Exasperated, Logan planted both hands on his hips. Heedless of his warning, she had slipped her hand through the bars to pet Cyclone’s neck. The colt all but purred like a cat. “He has a lot of promise but no common sense,” Logan said.

“He’s like the bison baby. He’ll never learn to be gentle if he’s...”

“Mistreated?” The word had just popped into his head.

“Punished.”

“You’ve got to be kidding. I’m the bad guy here?”

He turned away. And nearly tripped over the tortoiseshell kitten. How had she gotten out of the tack room?

He eyed Blossom. “You again?”

“I was looking for you. I heard her crying. So I let her out.”

Logan picked up the cat, who instantly nestled into the crook of his neck. “Just so you know. I didn’t touch that calf except to help him. I’d never touch this horse in anger.”

“They won’t respond to threats either.”

“Ah,” Logan muttered. “I see. You decided to work on this ranch, so you stopped at some bookstore on the way and bought a copy of The Horse Whisperer. Or The Cat Whisperer. No, there’s probably a Bison Whisperer, too.” Putting the kitten down, he gave Blossom a pointed look. “I have news for you. Sometimes—like when you’re about to get kicked—that touchy-feely stuff doesn’t work, city girl.”

Still shaken from his near brush with serious injury, he tried to stare her down. Finally, she glanced away, her gaze following the kitten as she meandered down the barn aisle. From the bend of Blossom’s slender neck, he realized she must consider herself akin to the bison calf. Mistreated. Was that the expression he kept seeing in her eyes?

He knew little about her. He wanted it to stay that way.
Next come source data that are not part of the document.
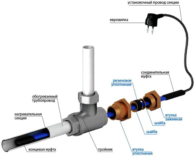 Die Verwendung eines Heizkabels für jede Wasserversorgung, die die Straße entlang verläuft, ist erforderlich. Damit sind jedoch viele Probleme verbunden, von denen eines die Fragilität ist. Daher verwenden sie sehr oft, wenn Rohre flach im Boden verlegt werden, eine Dichtung in den Rohren.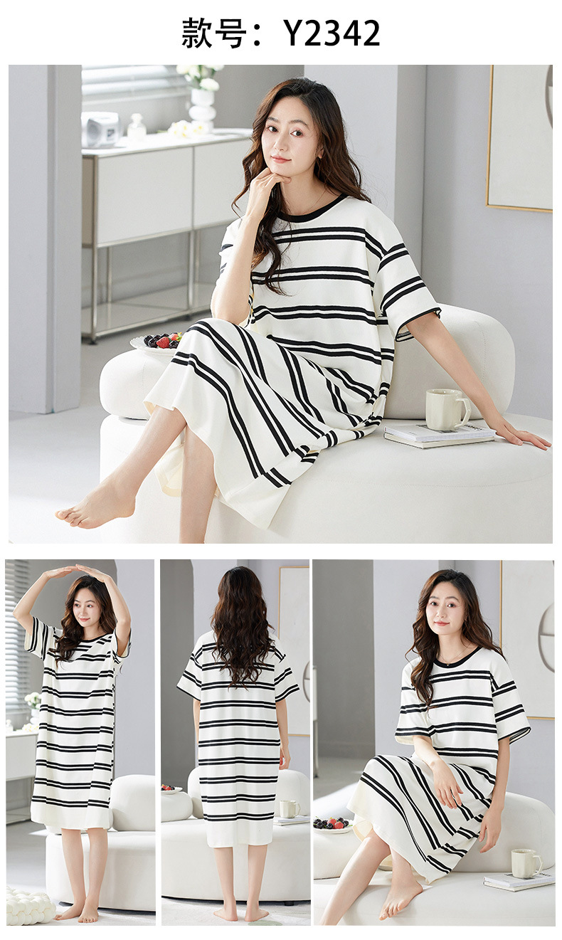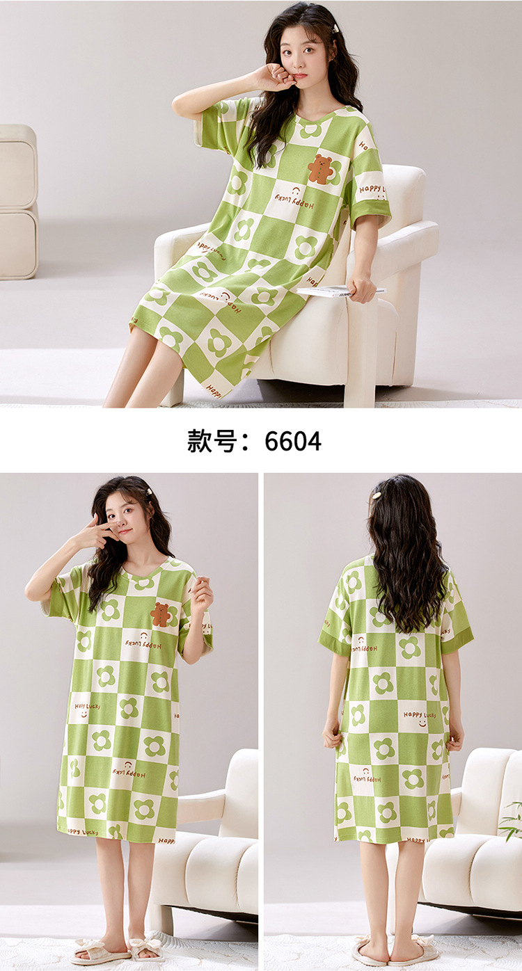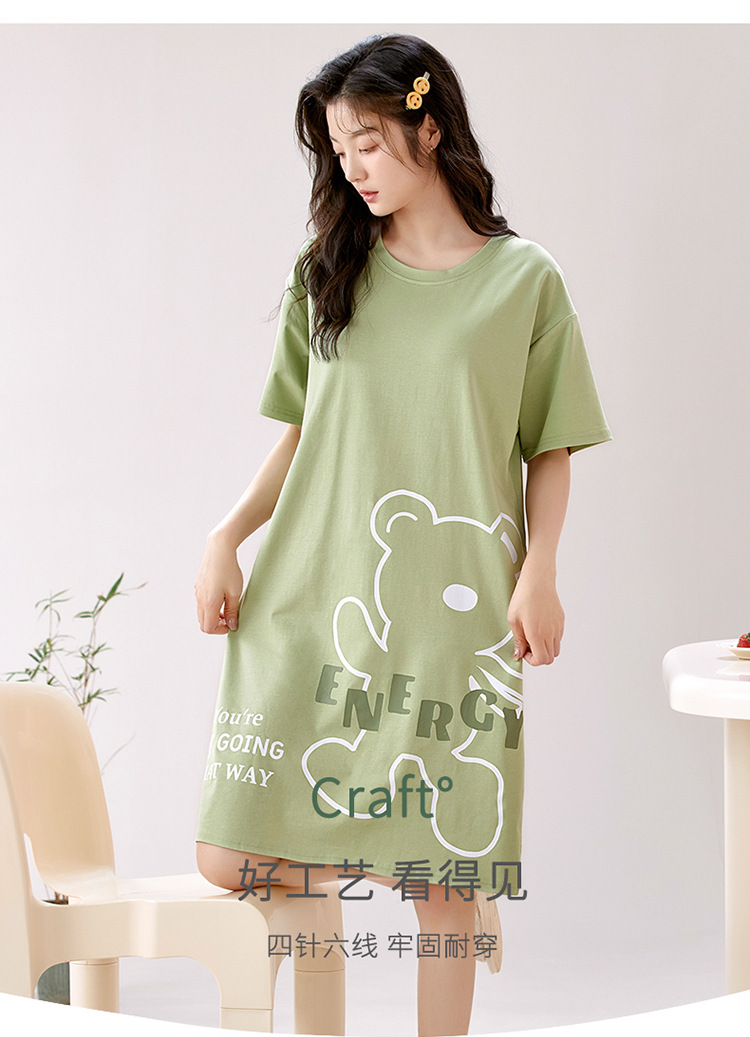 2026年短袖睡裙女夏季薄款棉质带胸垫家居服防凸点可外穿套装新款新品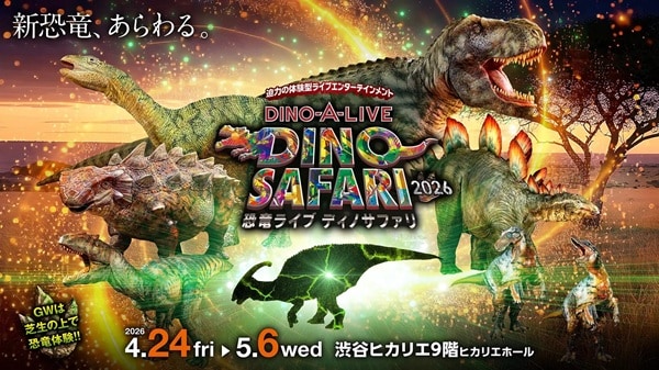ON-ARTは、体験型ライブエンターテインメント・DINO-A-LIVE「DINO SAFARI 2026」を、4月24日(金)~5月6日(水)のゴールデンウィーク期間に、渋谷ヒカリエ9階ヒカリエホールで開催する。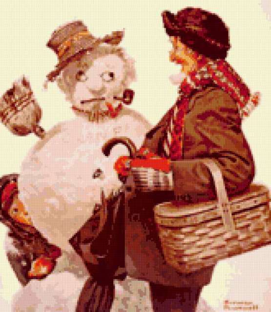 Ориентировочно так, схема вышивки «Игра в снежки», созданная автором rybka6, будет выглядеть при отшиве на канве. Размер данной вышивки равен 165x190 крестов, при этом используется 38 цветов. Ключевые слова, по которым можно найти эту схему: ретро, искусство, живопись, картина, зима, снеговик, метла, карзинка, зонт, мужчина, дети, мальчик, шалун, юмор. Также, вы можете взглянуть на оригинальную картинку, соответствующую данной схеме вышивки.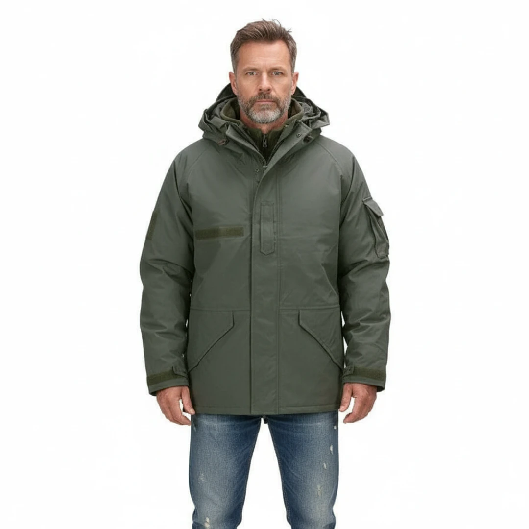 Militaire Parka gemaakt van 100% nylon. Perfecte jas voor de natte en koude winterdagen. Deze militaire parka biedt perfecte bescherming tijdens energievragende activiteiten, zoals skieën en snowboarden.

The kitten disappeared around the corner, probably headed for a hay bale and a nap. And Blossom was gazing past Logan, out the barn doors. She stared at the long driveway, as she often did.
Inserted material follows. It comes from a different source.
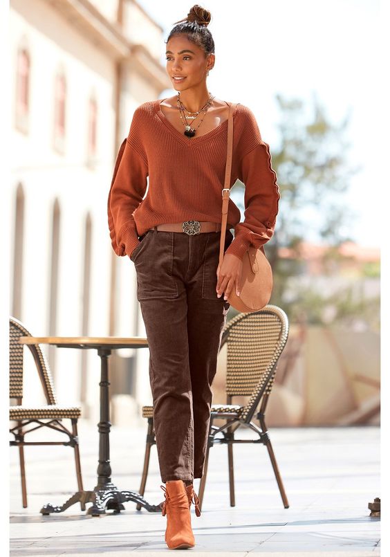 This cozy outfit is perfect for those cool fall days. The rust-colored sweater paired with brown pants creates a warm and coordinated look. The sweater’s loose fit adds comfort, while the pants’ structured design adds a professional touch. This outfit is great for a teacher who needs to stay warm without sacrificing style.

“You’re right,” she said. “I’m sorry I put you in danger. I am a city girl.”

He tried to lighten the moment. “Let me guess. New York? Boston?”

“Philly,” she admitted. “City of Brotherly Love.”
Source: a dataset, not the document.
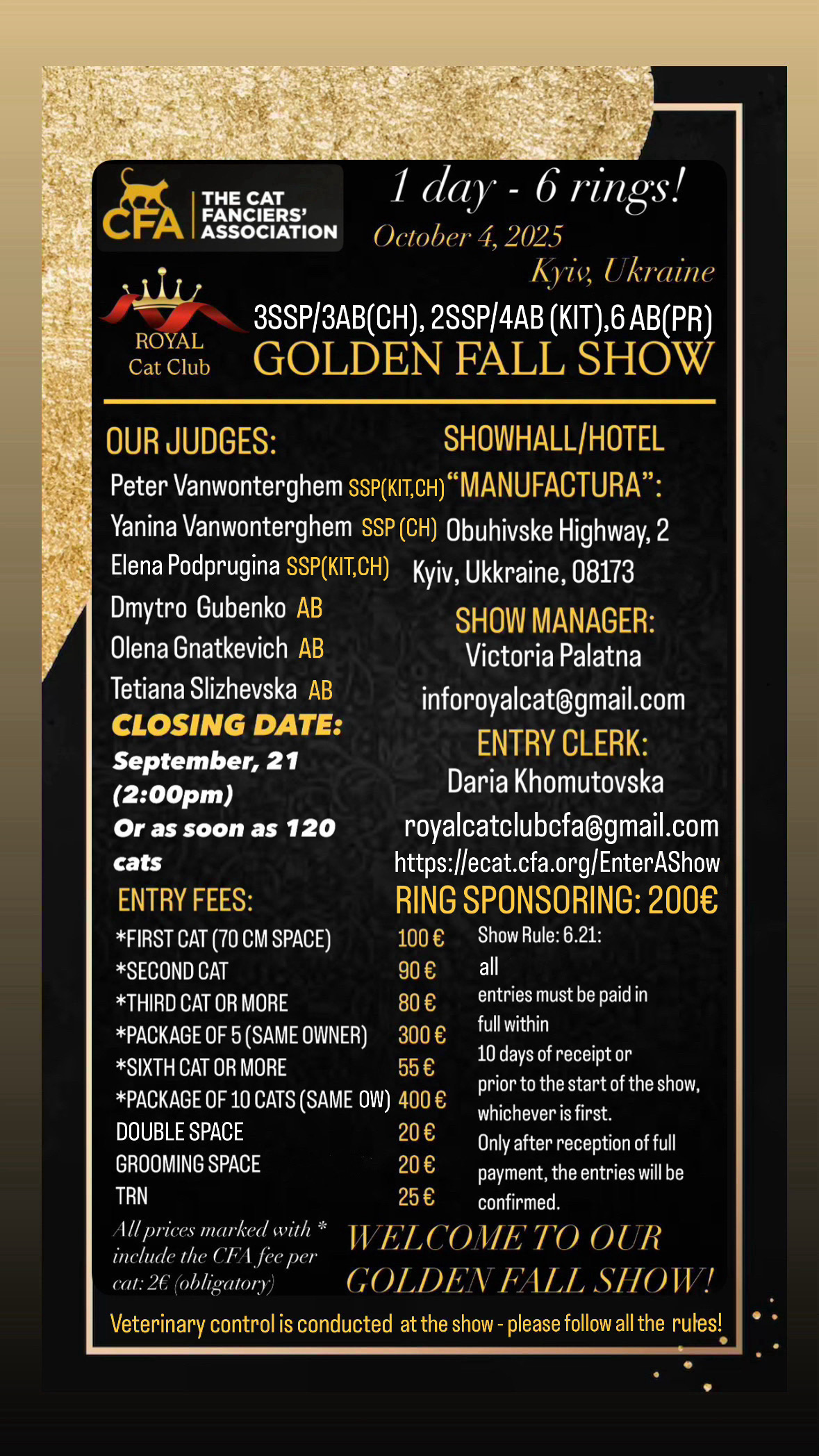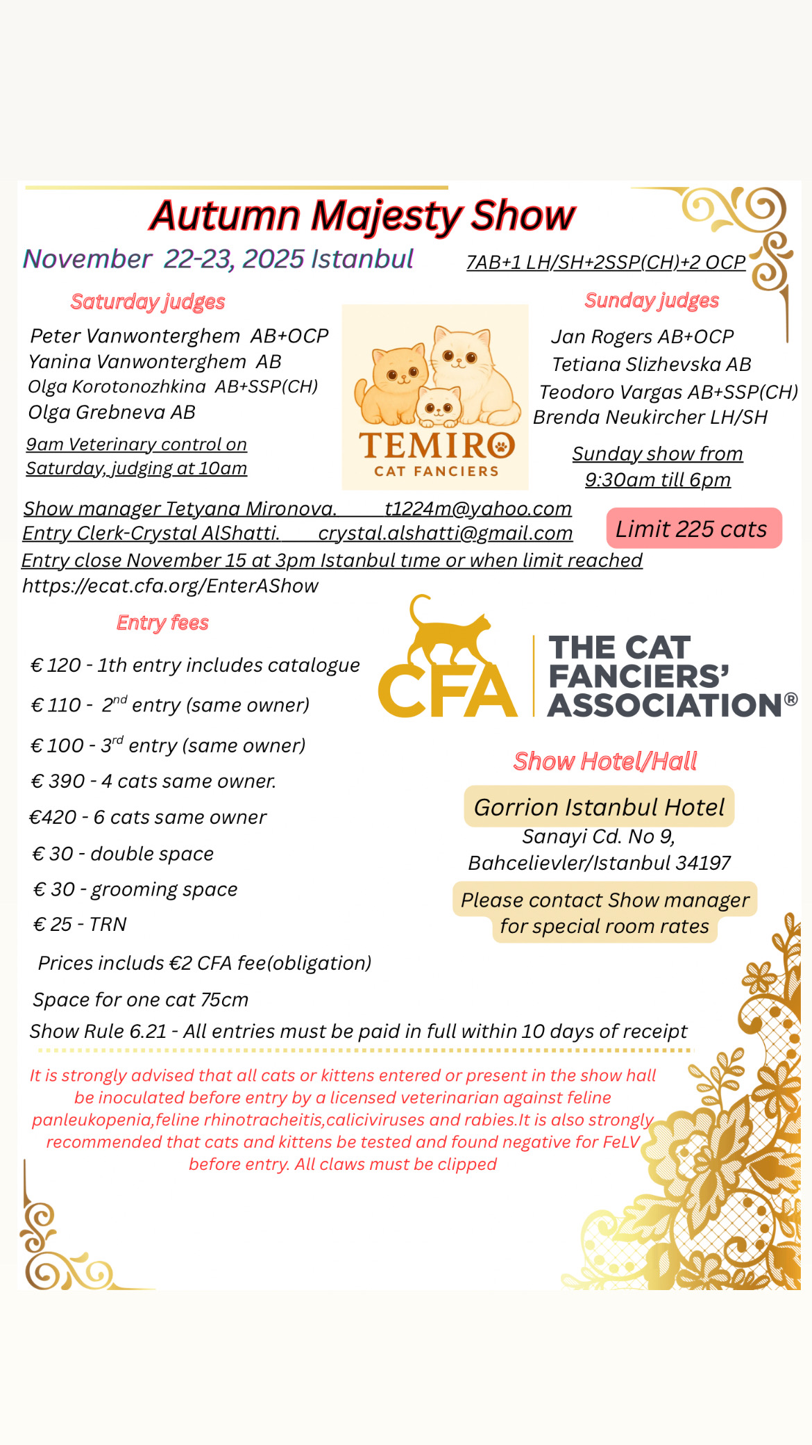 ** In order to list a show as “planned” on the calendar, Central Office must receive a copy of at least one signed contract from a judge

Logan nearly missed her subtle change of tone. She’d seemed so cheerful earlier, yesterday, too, and even at dinner last night. He didn’t want to see that other look in her eyes or hear the trembling words that spoke of some deep hurt. He had enough troubles of his own and all the responsibility he could handle.

She took a breath. “The farther west I travel, the more...open I feel. Less closed in somehow.”

He couldn’t help but smile. “That’s how I feel when I’m flying.”

“You’re a pilot?”

“Private jets. Experimental sometimes—but mostly redesigns.” Until he got his promotion. Then his assignments would become way more interesting.

“A test pilot,” she said. “No wonder you don’t seem that happy to be here.”

He looked outside the barn at that big blue sky. “Got me,” he said.

“I think I know how you feel. Flying high must seem like being a bird. I suppose if I reached California, I’d feel positively free.” She didn’t sound that convinced. “Or maybe,” she added with that look again, “I’ll just run out of road.”

He didn’t want to care, but still he had to ask.

“Blossom, what are you running from?”